A New Method of Sensitivity Analysis of Returns to Scale in Two-Stage Network; A Case Study of the Insurance Industry in Iran
Subject Areas : Financial MathematicsMaryam Sarparast 1 , Farhad Hosseinzadeh Lotfi 2 * , Alireza Amirteimoori 3 , Mohsen Rostamy-Malkhalifeh 4
1 - Department of Mathematics, Science and Research Branch, Islamic Azad University, Tehran, Iran.
2 - Department of Mathematics, Science and Research Branch, Islamic Azad University, Tehran, Iran.
3 - Department of Mathematics, Rasht Branch, Islamic Azad University, Rasht, Iran.
4 - Department of Mathematics, Science and Research Branch, Islamic Azad University, Tehran, Iran.
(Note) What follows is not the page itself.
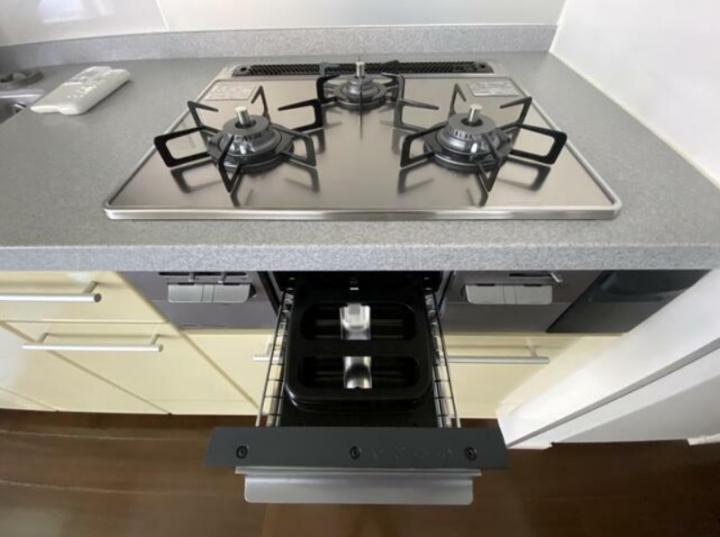 南西向きの室内はリビングに床暖房が入り、ディスポーザー、グリル付きの3口システムキッチンや追い炊き、浴室乾燥機、三面鏡付独立洗面台等の設備に優れ、内廊下やエレベーター2基等の共用設備も整う分譲賃貸

Keywords: Two-Stage Networks , Sensitivity Analysis, Returns to Scale , Data Envelopment Analysis , Insurance Industry,
Abstract :
One important issue in data envelopment analysis (DEA) which has been studied by many researchers is returns to scale (RTS). The authors developed DEA models to evaluate the efficiency of two-stage networks in returns to scale variable and introduced a new definition to determine return to scale classification in two-stage networks. The current article proposed an approach for determining the stability region of returns to scale classification in two-stage network DEA. The data were collected from insurance companies in Iran in 2019. We consider the insurance industry process as a two-stage network; the stage of marketing and that of investment. The effectiveness of insurance companies was evaluated, and, after determining the classification of returns to scale, we found a sustainability interval to classify returns to their scale.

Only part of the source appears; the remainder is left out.